Dejé la mochila en el suelo y miré a mi alrededor. El techo era alto, estaba enlucido, y en el centro colgaba una hermosa lámpara de araña con lágrimas de cristal ricamente talladas.
El amplio espacio se abría en un elegante vestíbulo iluminado por grandes ventanas y por las vetas nacaradas del suelo de mármol. Un poco más adelante, a la izquierda, se accedía al salón a través de dos monumentales puertas, mientras que, a la derecha, una ecléctica barra de bar con taburetes de llamativos acolchados daba a la parte más corta de la cocina, acentuando su estilo moderno y refinado.
Al fondo, justo delante de donde yo me encontraba, una suntuosa escalera con una gran baranda de hierro forjado cautivaba la vista con sus ensortijados arabescos.
Nada que ver con la cabaña a la que estaba acostumbrada.
—¿John? ¿Dónde…?
—¡Mason! ¡Ya estamos en casa!
Se me bloqueó el cerebro. Me quedé allí, en el centro del atrio, como un mapache disecado.
No.
No podía ser verdad.
Me había olvidado del hijo de John.
Me di una palmada en la frente y tuve la absoluta certeza de que era una idiota rematada.
No, no quería creerlo…
¿Cómo había podido olvidarme de él?
Durante todo el viaje no había hecho otra cosa que pensar en cómo había cambiado mi vida. Me había atrincherado en mí misma, aferrándome a la idea de que había alguien dispuesto a hacerse cargo de mí.
Ese alguien era John, y mi mente había suprimido todo lo demás.
Pero John tenía un hijo, y yo lo sabía, ¡maldita sea!
Cuando era pequeña, me enseñó con orgullo la foto que llevaba en la cartera, y me dijo que teníamos la misma edad.
«Mason es un terremoto», me había revelado mientras yo observaba a aquel niño de sonrisa desdentada que aparecía junto a una bicicleta con los mangos de plástico. Tenía dos guantes de boxeo colgando del cuello, y los exhibía casi con orgullo. Y mientras yo preparaba el chocolate caliente, me decía «ya es tan alto como yo» o «odia las matemáticas» o «ha entrado en el club de boxeo»; y luego me contaba con detalle todos los combates a los que asistía, aliviado porque su hijo había encontrado un deporte capaz de mantenerlo a raya.
—Ivy.
John asomó la cabeza desde detrás de la pared y yo volví a la realidad.

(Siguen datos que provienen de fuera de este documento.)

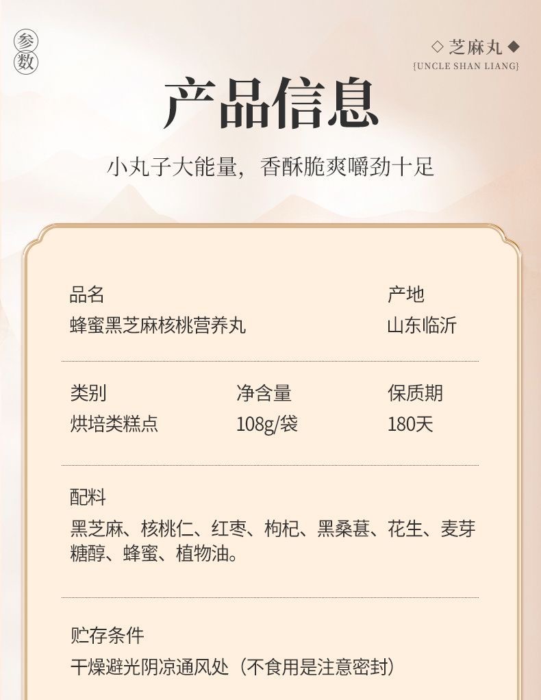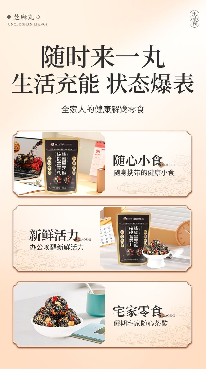 善粮大叔蜂蜜黑芝麻核桃营养丸12袋组合装
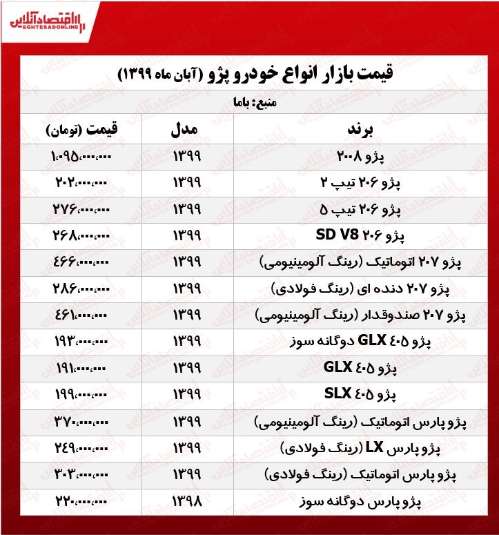 پژو ۲۰۶تیپ ۵ چند؟ +جدول
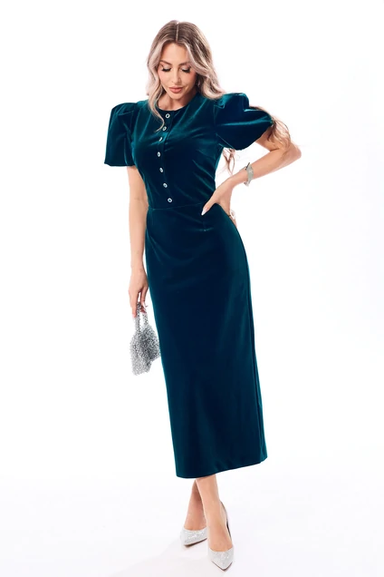 Платье без воротника, с круглым вырезом горловины, центральной застежкой на петли и пуговицы по лифу переда. Платье отрезное по линии талии. По лифу переда с нагрудными вытачками. Спинка со средним швом, заканчивающимся разрезом, талиевыми вытачками. Рукав втачной, короткий, по низу, присборен на резинку. Окат рукава присборен.
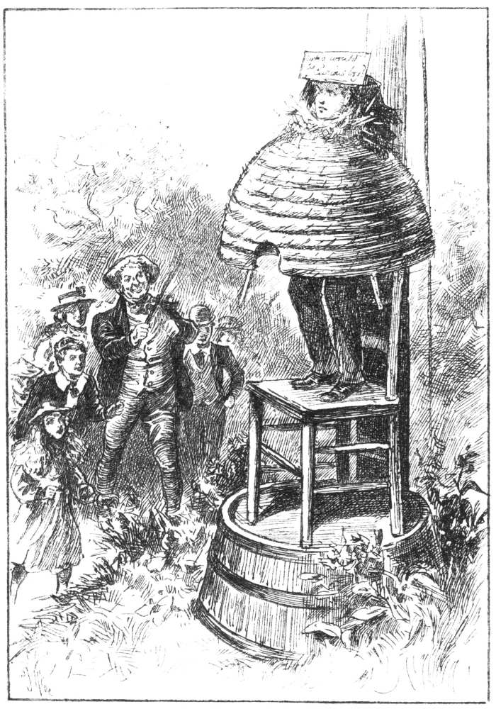 “Indeed, they were terrible,” said Faith. “Poor Libbie will talk of that afternoon for the rest of her life, I am sure. And oh, mother, you can’t think how angry the farmer was, and what a bad time poor Mrs. Busson has had in consequence. That was why we thought that, after all, Andrew was very lucky to get off with no worse punishment than being dressed up in a monster bee-hive, and tied up to the flag-staff on the top of the mound in the orchard. Of course, it was dreadful to be made such a laughing stock to everyone, and it must have been very tiring and disagreeable altogether,” went on Fay, entering more fully into various details of Andrew’s form of punishment; “but,” she wound up, “though it was hard on Andrew to be forgotten, and left to himself, it was too mean of him to make poor little Gaston stand up there in—”
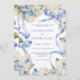 Helt underbar inbjudan från elegant bröllop. Med fintvättande vattenfärgblommor i mjuka, drömblåa nyanser, lush grey och elegant som flyter från rosett band Gorgous blue & white hydrangeas skapar du ett bedövande ram. Dessa inbjudningar fångar skönheten och glädjen vid detta speciella tillfälle. Designade med försiktighet och noggrannhet är de perfekter för att ange tonen för firande, vare sig det är en mysigt sammankomst eller ett genomarbetat evenemang. Anpassa dina inbjudningar så att de blir unika för dina och lämnar ett bestående intryck på dina gäster.
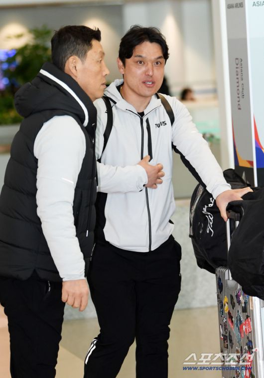 LG 트윈스 선수단이 22일 인천국제공항을 통해 스프링캠프가 열리는 미국 애리조나로 출국했다. 김정준 수석코치와 박동원이 출국장으로 향하고 있다. 인천공항=박재만 기자 pjm@sportschosun.com/2026.01.22/
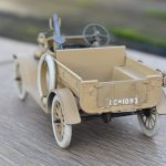 Eens dat gedaan is, kan je de motorkap plaatsen. Je kan in principe deze motorkap half open laten maar voor de stevigheid en de aansluiting met de radiator besloot ik toch maar deze gesloten te houden. De koplampen en de carbuur lampen liet ik achterwege tot het einde. Het voertuig is nu duidelijk herkenbaar en het plaatsen van de stuurkolom met stuur is de volgende stap. Opletten want je moet een onderdeel (regeling handgas) bevestigen op de stuurkolom.

—Ven. Deja aquí el equipaje.
Eché un vistazo a mi alrededor, algo descolocada; dejé las maletas donde estaban y me dispuse a seguirlo.
En ese momento caí en la cuenta de que papá tampoco llegó a conocer nunca al hijo de John en persona. Y yo estaba a punto de verlo por primera vez. Sin él…
—¡Mason! —exclamó John mientras abría una ventana. Parecía esforzarse en hacer que la casa resultase lo más agradable posible, probablemente por mí.
—Espera aquí —me indicó antes de adentrarse en un pasillo y desaparecer.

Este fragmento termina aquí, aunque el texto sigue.